Variable: auto-mode-alist
This variable contains an association list of file name patterns (regular expressions; see section Regular Expressions) and corresponding major mode functions. Usually, the file name patterns test for suffixes, such as `.el' and `.c', but this need not be the case. An ordinary element of the alist looks like (regexp . mode-function).

For example,

(("^/tmp/fol/" . text-mode)
 ("\\.texinfo\\'" . texinfo-mode)
 ("\\.texi\\'" . texinfo-mode)
 ("\\.el\\'" . emacs-lisp-mode)
 ("\\.c\\'" . c-mode) 
 ("\\.h\\'" . c-mode)
 ...)

When you visit a file whose expanded file name (see section Functions that Expand Filenames) matches a regexp, set-auto-mode calls the corresponding mode-function. This feature enables Emacs to select the proper major mode for most files.

If an element of auto-mode-alist has the form (regexp function t), then after calling function, Emacs searches auto-mode-alist again for a match against the portion of the file name that did not match before.

This match-again feature is useful for uncompression packages: an entry of the form ("\\.gz\\'" . function) can uncompress the file and then put the uncompressed file in the proper mode according to the name sans `.gz'.

Here is an example of how to prepend several pattern pairs to auto-mode-alist. (You might use this sort of expression in your `.emacs' file.)

(setq auto-mode-alist
  (append 
   ;; File name starts with a dot.
   '(("/\\.[^/]*\\'" . fundamental-mode)  
     ;; File name has no dot.
     ("[^\\./]*\\'" . fundamental-mode)   
     ;; File name ends in `.C'.
     ("\\.C\\'" . c++-mode))
   auto-mode-alist))

Variable: interpreter-mode-alist
This variable specifes major modes to use for scripts that specify a command interpreter in an `!#' line. Its value is a list of elements of the form (interpreter . mode); for example, ("perl" . perl-mode) is one element present by default. The element says to use mode mode if the file specifies interpreter.

This variable is applicable only when the auto-mode-alist does not indicate which major mode to use.

Function: hack-local-variables &optional force
This function parses, and binds or evaluates as appropriate, any local variables for the current buffer.

The handling of enable-local-variables documented for normal-mode actually takes place here. The argument force usually comes from the argument find-file given to normal-mode.

Getting Help about a Major Mode

The describe-mode function is used to provide information about major modes. It is normally called with C-h m. The describe-mode function uses the value of major-mode, which is why every major mode function needs to set the major-mode variable.

Command: describe-mode
This function displays the documentation of the current major mode.

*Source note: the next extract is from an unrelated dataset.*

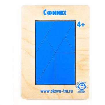 Головоломка "Сфинкс" представляет собой планшет размером А6, вкладыш-прямоугольник, поделенный на 7 геометрических фигур (прямоугольник - 1шт., треугольник - 4 шт., трапеция - 2 шт.), окрашенный с двух сторон в одинаковый цвет, и методические рекомендации по использованию игрового материала. Головоломка относится ко 2-му уровню сложности.
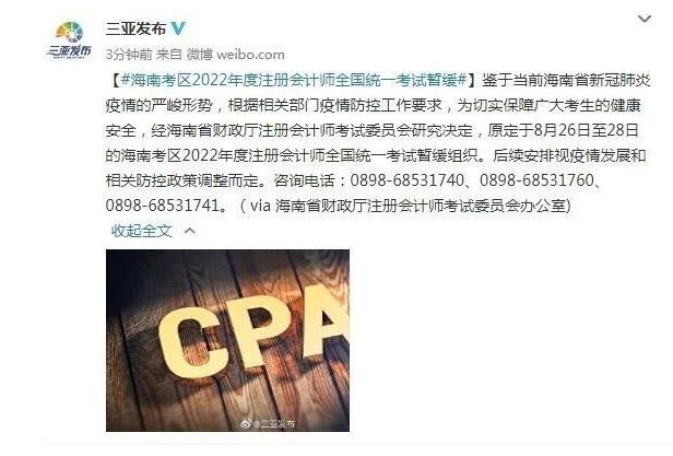 【#海南考区2022年度注册会计师全国统一考试暂缓#】鉴于当前海南省新冠肺炎疫情的严峻形势,根据相关部门疫情防控工作要求,为切实保障广大考生的健康安全,经海南省财政厅注册会计师考试委员会研究决定,原定于8月26日至28日的海南考区2022年度注册会计师全国统一考试暂缓组织。后续安排视疫情发展和相关防控政策调整而定。咨询电话:0898-68531740、0898-68531760、0898-68531741。(via 海南省财政厅注册会计师考试委员会办公室)

The describe-mode function calls the documentation function using the value of major-mode as an argument. Thus, it displays the documentation string of the major mode function. (See section Access to Documentation Strings.)

Variable: major-mode
This variable holds the symbol for the current buffer's major mode. This symbol should have a function definition that is the command to switch to that major mode. The describe-mode function uses the documentation string of the function as the documentation of the major mode.

Defining Derived Modes

It's often useful to define a new major mode in terms of an existing one. An easy way to do this is to use define-derived-mode.

Macro: define-derived-mode variant parent name docstring body...
This construct defines variant as a major mode command, using name as the string form of the mode name.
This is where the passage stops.